Close-up of coral reef microstructures consisting of a coral skeleton (white) and coral tissue (orange-yellow). [Image: Courtesy of Nature Communications]
Among the many other roles corals play in the oceanic ecosystem, the invertebrates crucially manage the incoming light for the microscopic algae that dwell in their interior spaces. The species live in symbiosis: the tiny plants consume the carbon dioxide and other waste products of their hosts, and in turn the algae provide photosynthetic nutrients—with the coral walls passing just the right amount of light to benefit the dwellers.
Too often these days, stress causes the corals to expel their algal communities—coral bleaching—which can lead to the death of the coral reef and a giant interruption to the reef’s ecology. A multinational research team aims to bring back some of that biodiversity by 3D printing coral-inspired structures that can act as light-mediating incubators for the next generation of microalgae (Nat. Commun., doi: 10.1038/s41467-020-15486-4).
As designed by scientists from the University of Cambridge, U.K., and the Scripps Institution of Oceanography, USA, the artificially printed corals mimic the optical and mechanical properties of real-life invertebrate polyps and can support up to 109 microalgae organisms per milliliter.
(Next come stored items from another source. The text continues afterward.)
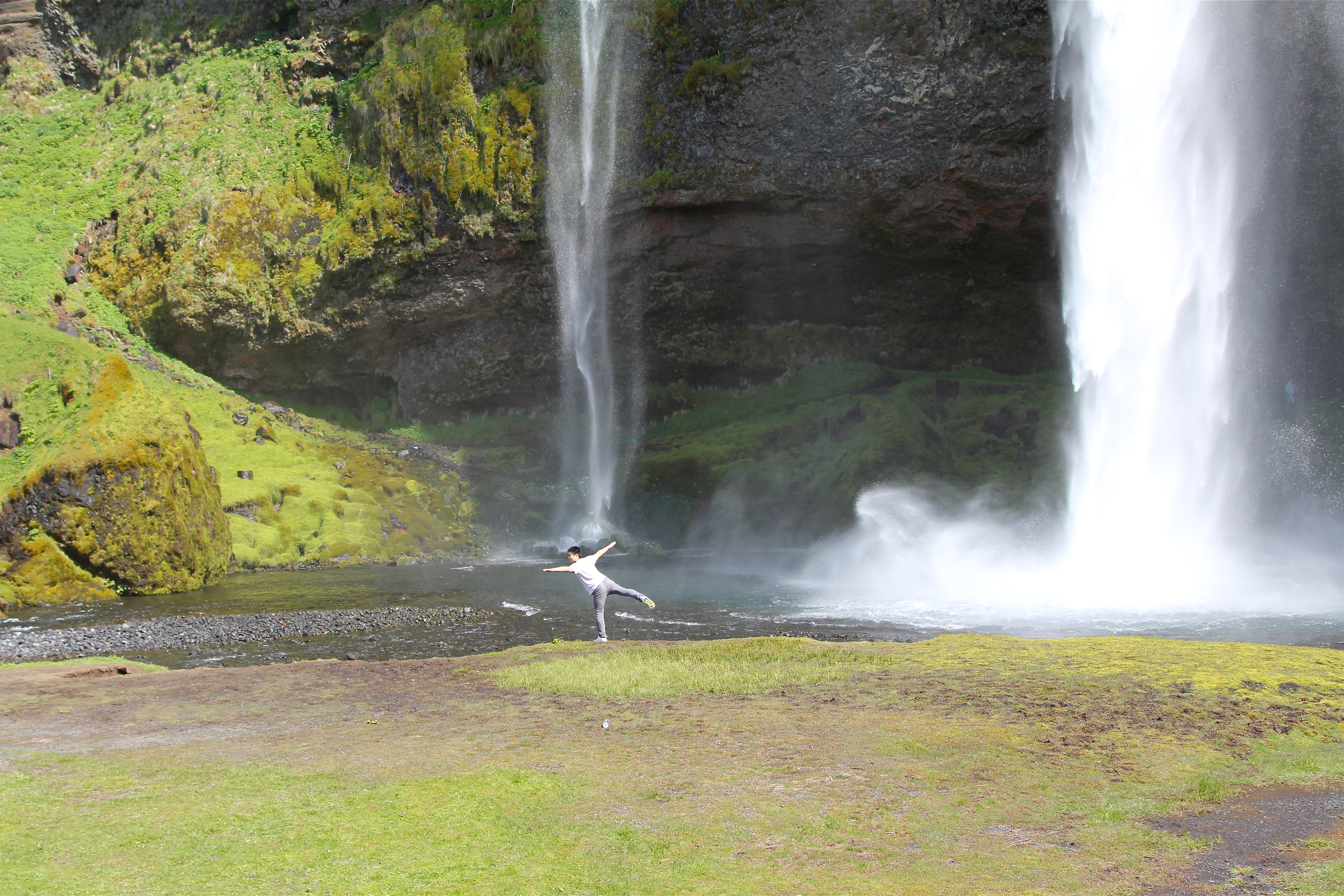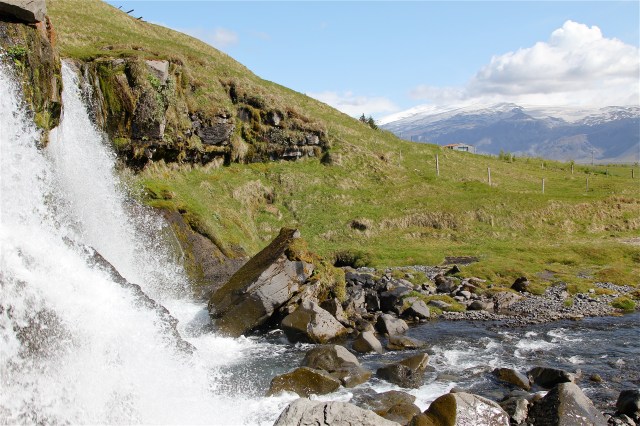 Nog weer verder langs de een (wel naar rechts afslaan) ligt de Seljalandfoss ook weer zo’n mooie waterval. Je kan achter de waterval langs lopen maar riskeert natuurlijk wel een nat pak. Het was deze dag mooi weer en niet veel wind, dus veel bezoekers namen de uitdaging aan. Als je op de foto goed kijkt zie je helemaal rechts een meneer in het blauw lopen.
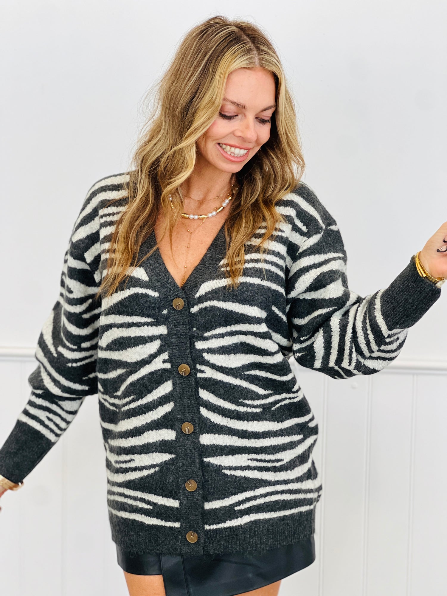 Zebra Print Button Up Cardigan (One Size) - 4 Colors
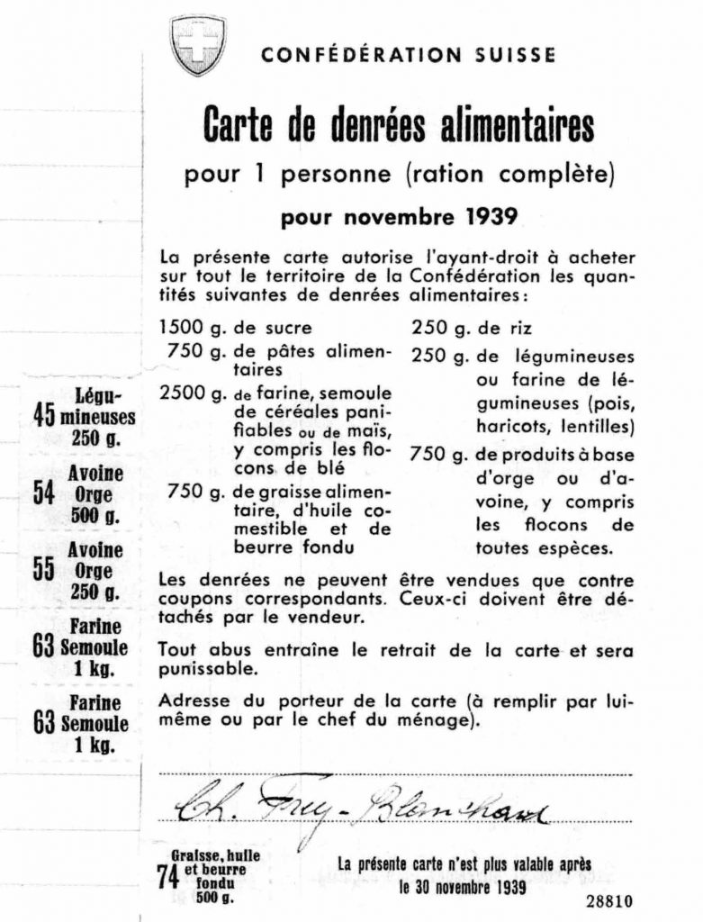 René Blanchard se souvient: “Le 3 septembre 1939, j’ai 26 ans, c’est le jour de la Foire de Chaindon, la mobilisation est décrétée. Je me rends à cheval à Tavannes, j’embarque dans un train et voyage avec ma monture jusqu’à Peseux, où mon escadron prête serment dans la soirée. Puis de longs mois de service s’écoulent, dont en particulier quatre sur la frontière du Rhin. On n’a que de maigres congés, à peine arrivé à la maison, il faut repartir. Des tickets de rationnement sont distribués à la population, par exemple trois oeufs par mois.”
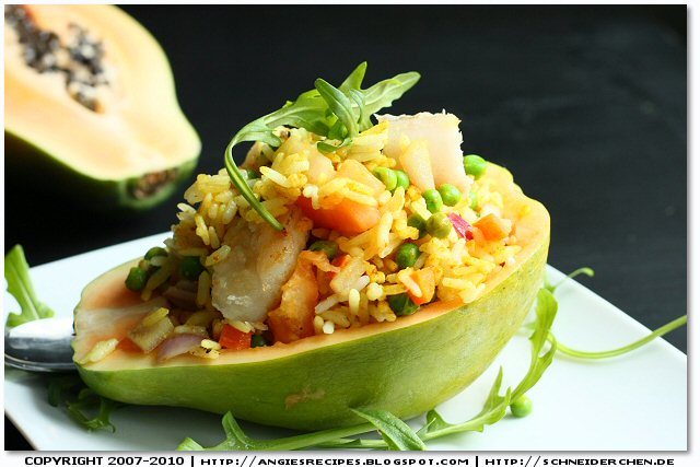 - Add the fish, carrot, and red onion to the rice. Halve the papaya lengthwise and remove the seeds. Scoop out some flesh and add into the rice salad. Fill the papaya shells with rice salad or just serve them in a bowl.
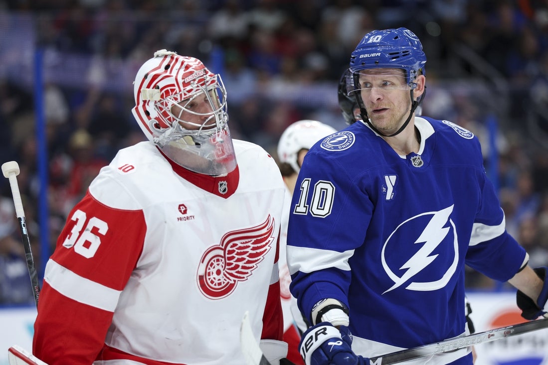 The shots were distributed evenly most of the first period, but the visitors went on the first power play at 16:14 when Detroit defenseman Justin Faulk was hooked by Kucherov.
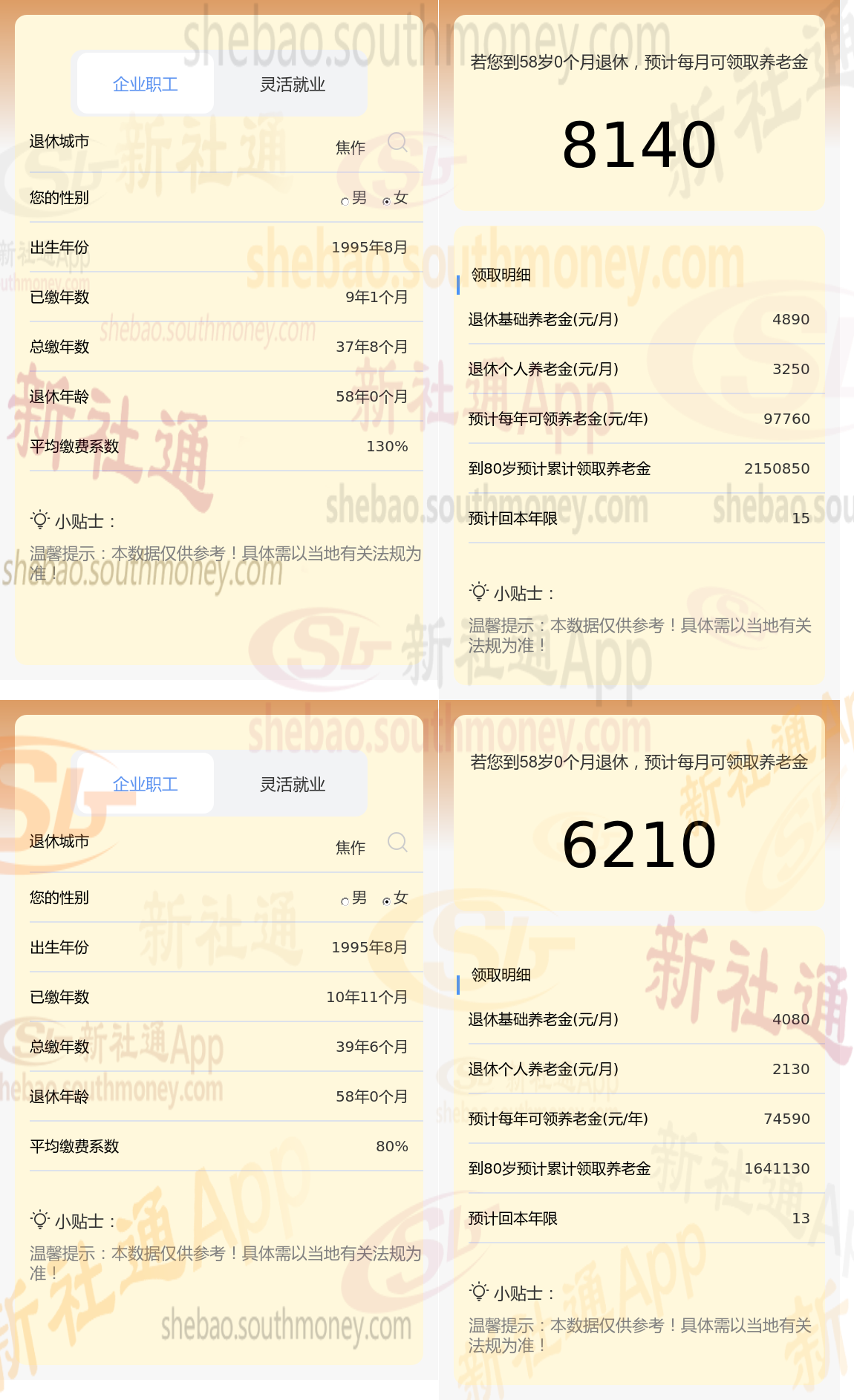根据新社通app养老金计算器,轻松测算您的养老金!计算结果显示,张某与老冯的养老金差距源于缴费年限和缴费档位的差异,这一差距具体体现在数额上,张某的8140元减去老冯的6210元,等于1930元。

“Wonderfully strange creatures”
The study’s lead author, Daniel Wangpraseurt, a marine biologist with joint postdoctoral appointments at Cambridge and Scripps, says he did his Ph.D. thesis on the optical properties of corals in order to understand both their lifecycles and their bleaching. He says he also wondered whether the “light harvesting strategies that corals have evolved over millions of years” could lead to new methods for cultivating microalgal colonies that could be harvested for bioenergy.
“I am very interested in the field of bioinspiration and biomimetics, and there have been some excellent examples of bio-inspired tech that have made it to the market,” Wangpraseurt says. “Corals are such wonderfully strange creatures, I was sure that we would learn a lot from them.”
A scanning electron microscope image of the microalgal colonies in the hybrid living biopolymers. [Image: University of Cambridge]
To design the 3D-printed corals, Wangpraseurt teamed up with Shaochen Chen, a professor of nanoengineering at the University of California, San Diego, USA (the parent institution of Scripps), and Silvia Vignolini, a Cambridge chemist specializing in photonic structures found in nature. They studied corals of the family Pocilloporidae, which have a calcium carbonate skeleton that passes light evenly to the inner algae. Once the photons enter the coral structure, they are refractively trapped inside, enhancing their path length and increasing the chance that algae will absorb the photons.
For the actual printing, the team created a “bio-ink” of hydrogel and cellulose-derived nanocrystals infused with one kind of microalgae that normally live within Pocilloporidae corals. “It took us a while to find the right biomaterials and printing parameters that can support the growth of live algae cells,” Chen says.
Enhancing light with synthetic corals
The synthetic corals contain cylinders about 1 mm long with the same kind of broadband diffuse visible-light scattering that real corals exhibit. To test the light-enhancing properties of the printed synthetic corals, the researchers seeded their printed materials with a different type of algae and monitored the algal growth over multiple days.
According to Wangpraseurt, the experiments involved a variety of scientific disciplines: bioengineering, photonics, coral reef science and marine biology. “Fusing these techniques is a challenge, and effectively communicating with scientists from different fields is an important skill to learn,” he adds. “However, I enjoy this very much as I believe that we can learn a lot from working at the interface of different scientific disciplines.”
Next, the researchers want to learn how to scale up their 3D-bioprinting technique to fabricate larger synthetic colonies, which could lead to biofuel harvesting as well as coral reef restoration.